Machine learning algorithm just sees numbers — if there is a vast difference in the range say few ranging in thousands and few ranging in the tens, and it makes the underlying assumption that higher ranging numbers have superiority of some sort. So these more significant number starts playing a more decisive role while training the model.

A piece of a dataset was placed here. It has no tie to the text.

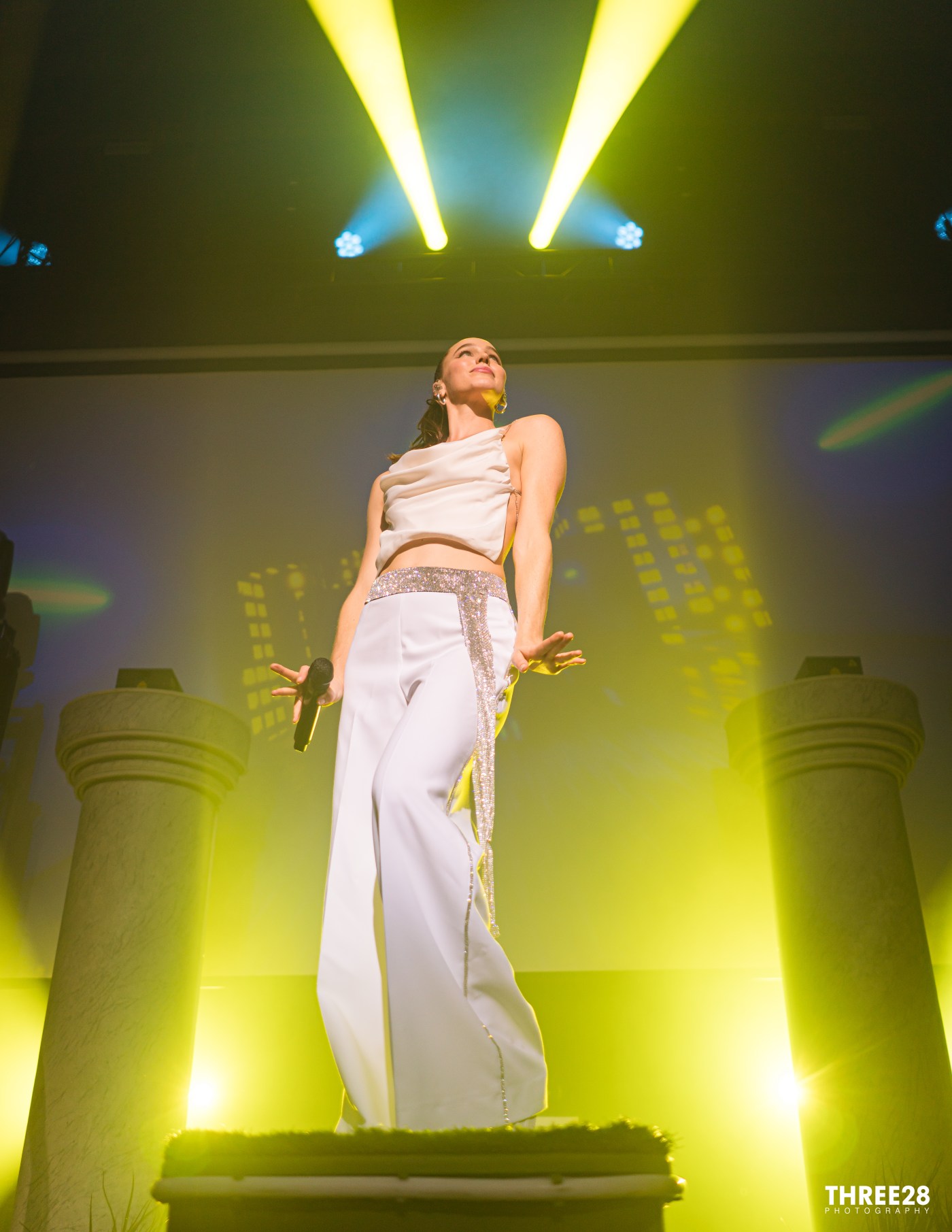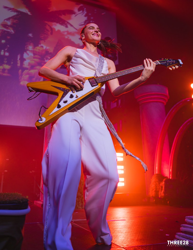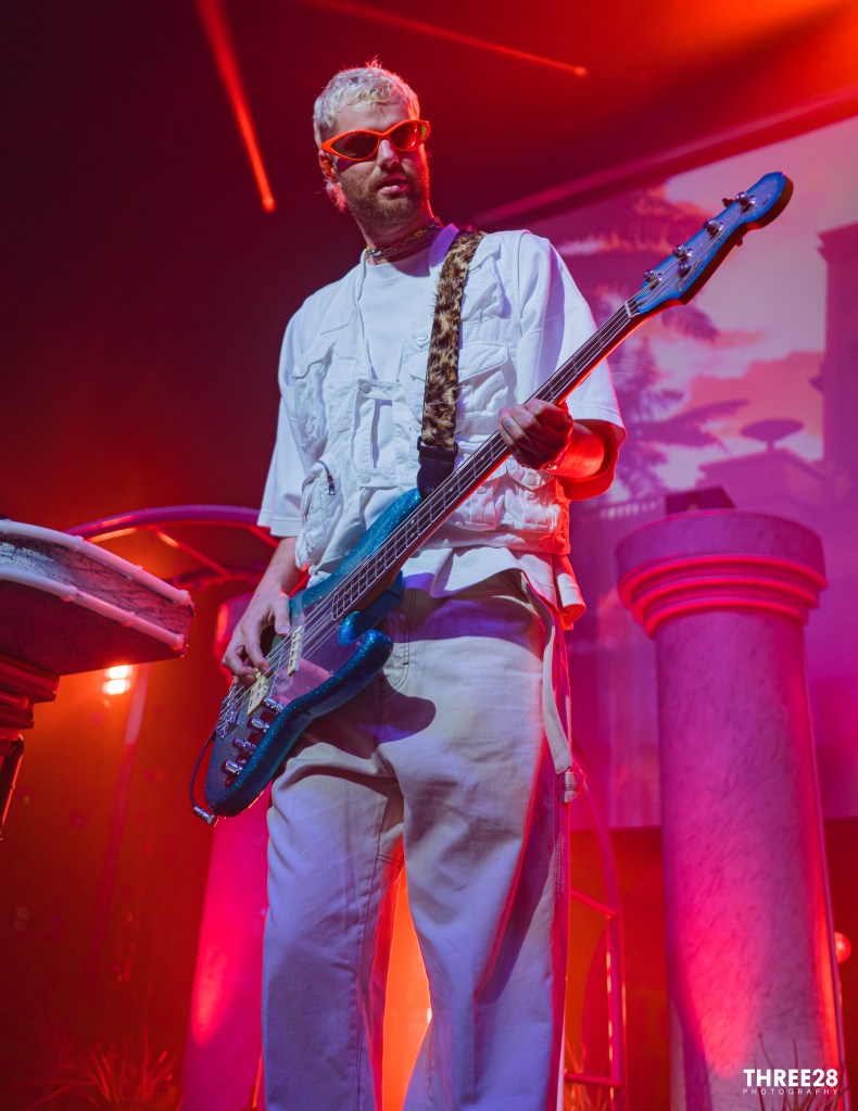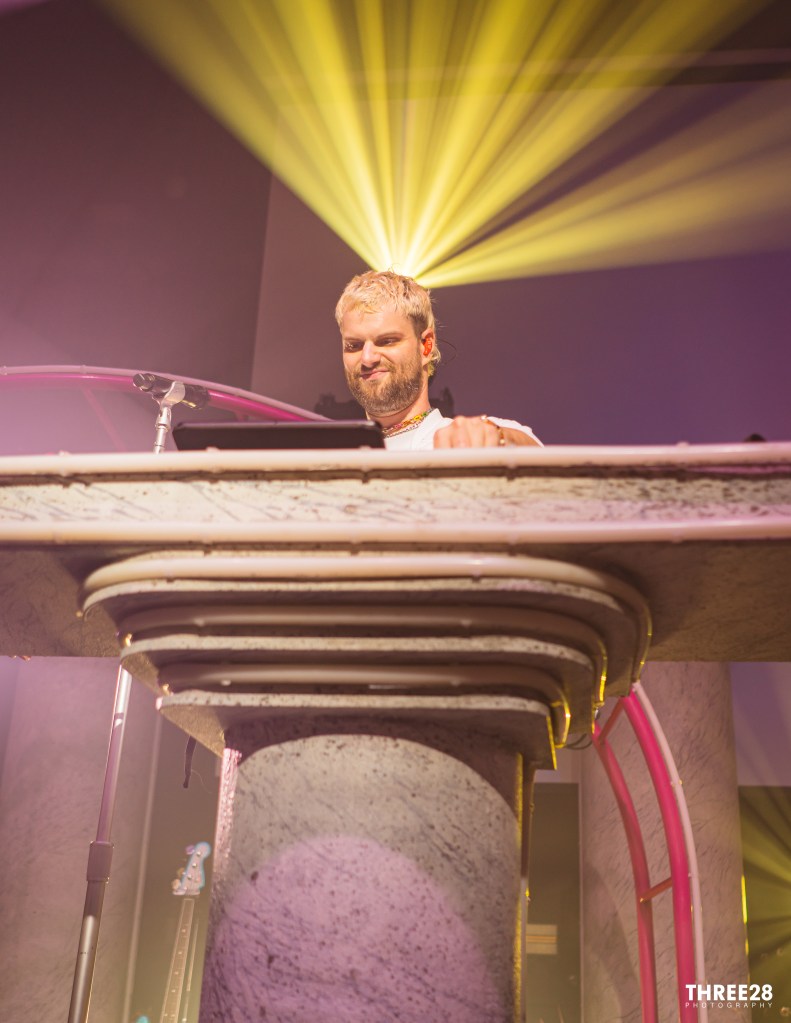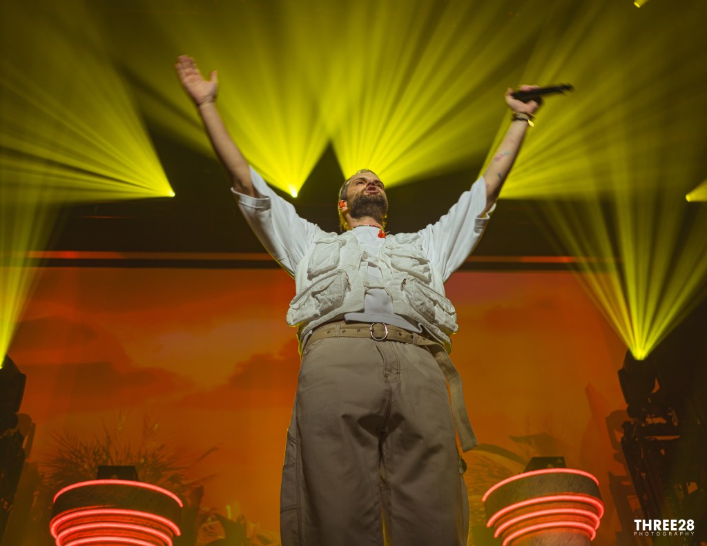 Visually, the stage setup was a nostalgic nod to the ‘80s party scene, with vibrant neon lights and playful designs that evoked a sense of whimsy and celebration. Pillars and arches adorned with bright colors, a graphic screen and risers filled the space, creating an atmosphere that felt both retro and refreshing. Dynamic lighting complemented the lively performance, shifting in rhythm with the music to heighten the emotional impact of each track. The interplay of light and sound forged an intoxicating ambiance that kept the audience engaged and energized throughout the evening.

The machine learning algorithm works on numbers and does not know what that number represents. A weight of 10 grams and a price of 10 dollars represents completely two different things — which is a no-brainer for humans, but for a model as a feature, it treats both as the same.

Suppose we have two features of weight and price, as in the below table. The “Weight” cannot have a meaningful comparison with the “Price.” So the assumption algorithm makes that since “Weight” > “Price,” thus “Weight,” is more important than “Price.”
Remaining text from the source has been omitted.